I've never worked with XML files. I have this XML file which is a really long file containing various information about different type of financial instrument.
<RiskFullInfo><dossier>1234</dossier><stockAmounts><stockAmount><dossier>1234</dossier><sottorubrica>0</sottorubrica><idInstrument>173</idInstrument><shortname>ABC.MI</shortname><name>abc</name><data>dd/mm/yyyy 00:00:00</data><quantita>number</quantita><pmc>somenumber</pmc><pmcEuro>eurovalyes</pmcEuro><marketprice>europrice</marketprice>
this is the structure repeated for n instruments.
What I would like to do is to put in a dataframe the text/values of fields idInstrument, shortname,quantita for ALL the n instruments in this file.

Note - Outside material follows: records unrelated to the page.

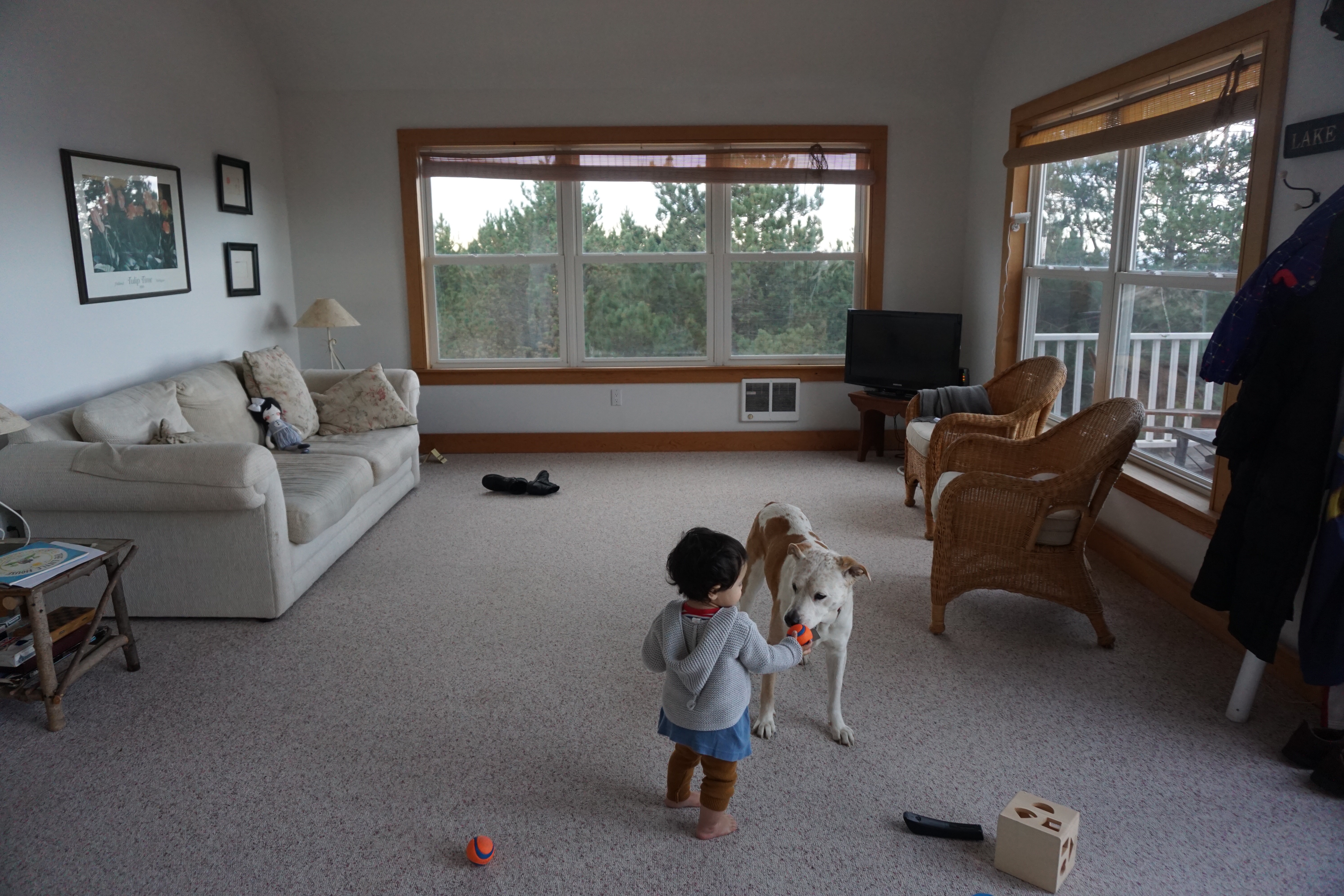 Now, though, Hermione’s body has succumbed to cancer and she is thin and weak and has lost her enthusiasm for doing much of anything. She hung on just long enough for us to move to Michigan and for me to take her on walks and spend a few days, one with my sister, working from my parents’ patio while Hermione slept at my feet. I thanked her for being so good to us these last 12 years and she let me hug her and then she made eye contact with me. I’m sure she understood my meaning.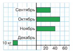 5. На диаграмме показано, сколько килограммов моркови заготовил фермер на корм кроликам на 3 месяца: сентябрь, октябрь, ноябрь.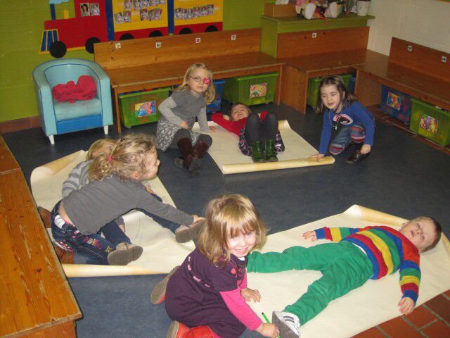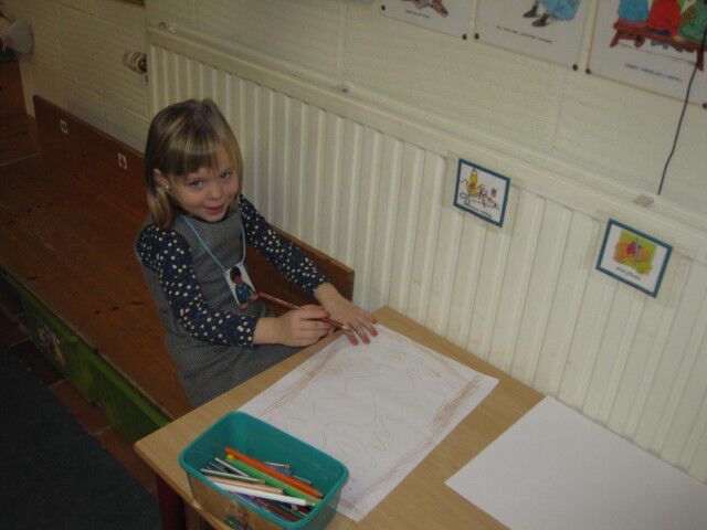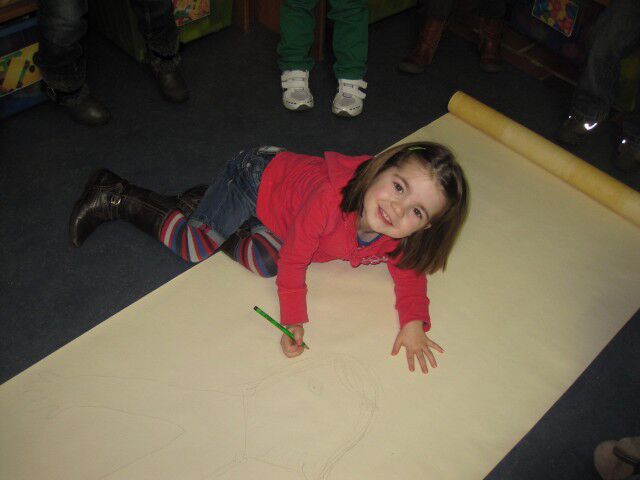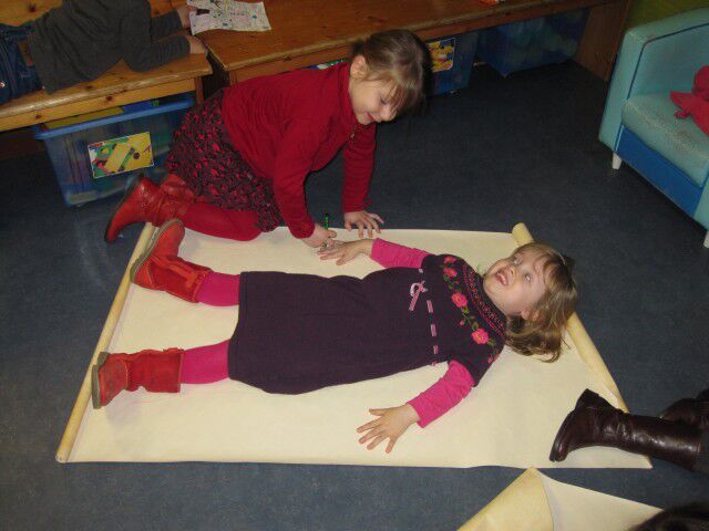 In ons klasje werkten we rond het thema" MIJN LICHAAM". De juf tekende een kleutertje na op een groot blad en nadien mochten de kleutertjes het zelf doen.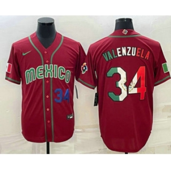 Men's Mexico Baseball #34 Fernando Valenzuela Number 2023 Red Blue World Baseball Classic Stitched Jersey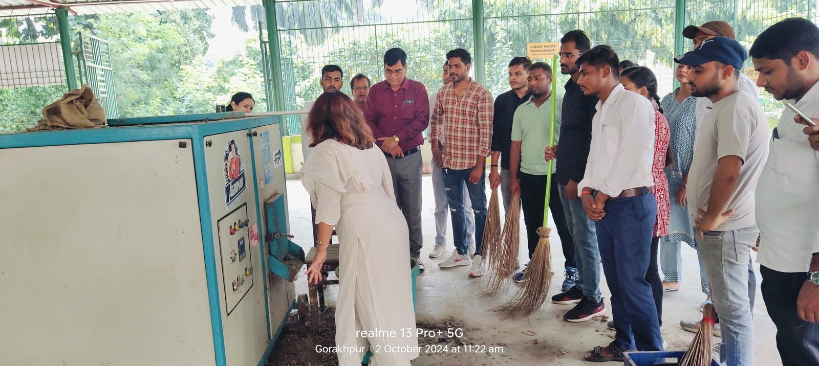 2 अक्टूबर, गोरखपुर: महात्मा गांधी एवं लाल शास्त्री जयंती के अवसर पर स्वच्छता ही सेवा अभियान के अंतर्गत जीरो वेस्ट सेन्टर पर दी.द.उ गोरखपुर विश्वविद्यालय के स्वयं सेवकों के द्वारा श्रमदान किया गया तथा तत्पश्चातवनस्पति विज्ञान विभाग की असि.प्रो.एवं कार्यक्रम अधिकारी डॉ. स्मृति मल्ल ने जीरो वेस्ट केंद्र की पूरी प्रणाली को स्वयंसेवकों को समझाया। परिसर के वेस्ट मैनेजमेंट के क्रम में डा. मल्ल ने बताया की विश्वविद्यालय परिसर से सूखे घास व पत्तो को इकट्ठा करके केंद्र पर लाया जाता है तथा उसे मशीन में डालकर छोटे-छोटे टुकड़े में काट दिया जाता है, तत्पश्चात उसमें बैक्टीरियल पाउडर डालकर केंद्र पर बने हौजों में 15 से 20 दिनों के लिए डाल दिया जाता है, इस प्रकार ये बेकार पड़े घास व पत्ते उर्वरक में बदल जाते हैं और उस उर्वरक इसका प्रयोग आर्गेनिक फार्मिंग हेतु किया जाता है।

Once used the code to get the root with ET, I tried to extract the information I need with node.attrib and node.find but I get an empty dataframe.
import xml.etree.ElementTree as ET
tree = ET.parse(r'path')
root = tree.getroot()
df_cols = ["name", "Position"]
rows = []
for node in root:
s_name = node.attrib.get("shortname")
s_q = node.find("quantita")
Can someone help on this?
IIUC, you can just use read_xml
:
use_cols = ["idInstrument", "shortname", "quantita"]
df = pd.read_xml("file.xml", xpath=".//stockAmount")[use_cols]
Output :
print(df)
idInstrument shortname quantita
0 173 ABC.MI number
Otherwise, use this :
tree = ET.parse("file.xml")
root = tree.getroot().findall(".//stockAmount")
use_cols = ["idInstrument", "shortname", "quantita"]
df = pd.DataFrame({key: [e.find(key).text for e in root] for key in use_cols})